RADİKAL

Hayatın özü

 Biliyorsunuz bu yılki Kitap Fuarı’nın ana teması ‘aşk romanları’ydı. Kitap Fuarı’nı gezmeye giden Mesut Yılmaz’a kapıda bekleyen gazeteciler bir muziplik yaptılar. Mikrofonu ona doğru uzatıp “Sizce aşk nedir” diye soruverdiler.

Televizyonda seyrederken Mesut Yılmaz’ın ‘poker face’ tabir edilen yüz ifadesinde bir dalgalanma olduğunu hissettim. Nitekim hislerim doğru çıktı. Mesut Yılmaz sanki kendisine hiçbir soru sorulmamış gibi yürümeye devam etti. Televizyonda seyrederken insana asırlar gibi uzun gelen bir zaman sonra (zannediyorum bir dakika kadar) iki kelimelik cevabını yapıştırdı: Hayatın özüdür!

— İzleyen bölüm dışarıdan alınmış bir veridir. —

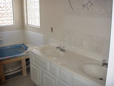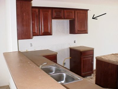 Keeping with a time honored Mexican tradition... The last cabinet is always put up-side-down, I guess??? Notice how all of the top cabinets have

Sorunun sorulmasıyla cevabın verilmesi arasında geçen süre içinde Mesut Yılmaz’a kızmadım değil. “Hiç aşk üzerine düşünmedi mi ki cevap vermesi bu kadar uzuyor” diye aklımdan geçirdim. Hemen bir cevap vermemiş olmasının son derece saygıdeğer bir insan olan eşini kırabileceğini düşündüm. Kendi kendime, “Aşk gibi temel bir konuda konuşmak için bu kadar zorlanan bir insan, nasıl olur da Türkiye’yi yönetmeye talip olur” diye söylendim.

Ama cevabı duyunca yaptıklarımdan utandım. İşte burada herkesin gözü önünde aklımdan geçen kötü düşünceler nedeniyle kendisinden özür diliyorum. Ona haksızlık etmişim. Böylesine karmaşık bir konuda, Mesut Yılmaz gibi hepimizde ‘biraz tutuk’ izlenimi uyandıran bir politikacının bu yalın ve bir o kadar da derin cevabı bulabilmesinin sevindirici olduğunu belirtmeliyim.

Gerçekten seven insanlar için aşk hayatın ta kendisidir. Biri olmadan diğerinin varlığı asla söz konusu edilemez. Aşk için yaşar, aşk için ölürler. Çünkü aşksız kaldıklarında hayatın özünden bir şeyler kaybetmeye başlamışlardır. Onlar için artık yaşamak da birdir, ölmek de..

Bu köşede zaman zaman çeşitli kitaplarından göndermeler yaptığım İspanyol gazeteci-düşünür Jose Ortega Y. Gasset de seven insanın ancak sevgiliyle birlikte varolabileceğini, aksi durumda yok olup gideceğini söylüyor. Bir adım daha ileri giderek yalnızca sevginin yetmeyeceğini, sevgiliyle ‘Hayatın her şeyinin paylaşılması gerektiğini’ belirtiyor.

Gasset: “Gerçek sevginin en büyük belirtisi şudur; sevgiliyle yer birliğinin sağladığından daha derin bir bağlılık ve içtenlikle yakın olmak. Aslında bu, o kişiyle canlı bir birliktelik yaşamak demektir. En doğru ama belki çok teknik bir deyimle şöyle denebilir. Sevgiliyle birlikte varolma durumu içinde, nasıl olursa olsun, onun alın yazısını paylaşarak birlikte olmak. Bir hırsızı seven kadın, kendi bedeni nerede bulunursa bulunsun, duygularıyla hapiste yaşıyor demektir.”

Mesut Yılmaz’ı, Türkiye’nin şu kargaşa dolu ortamında, ‘hayatın özü’nü bir kez daha düşünmemizi sağladığı için kutluyorum.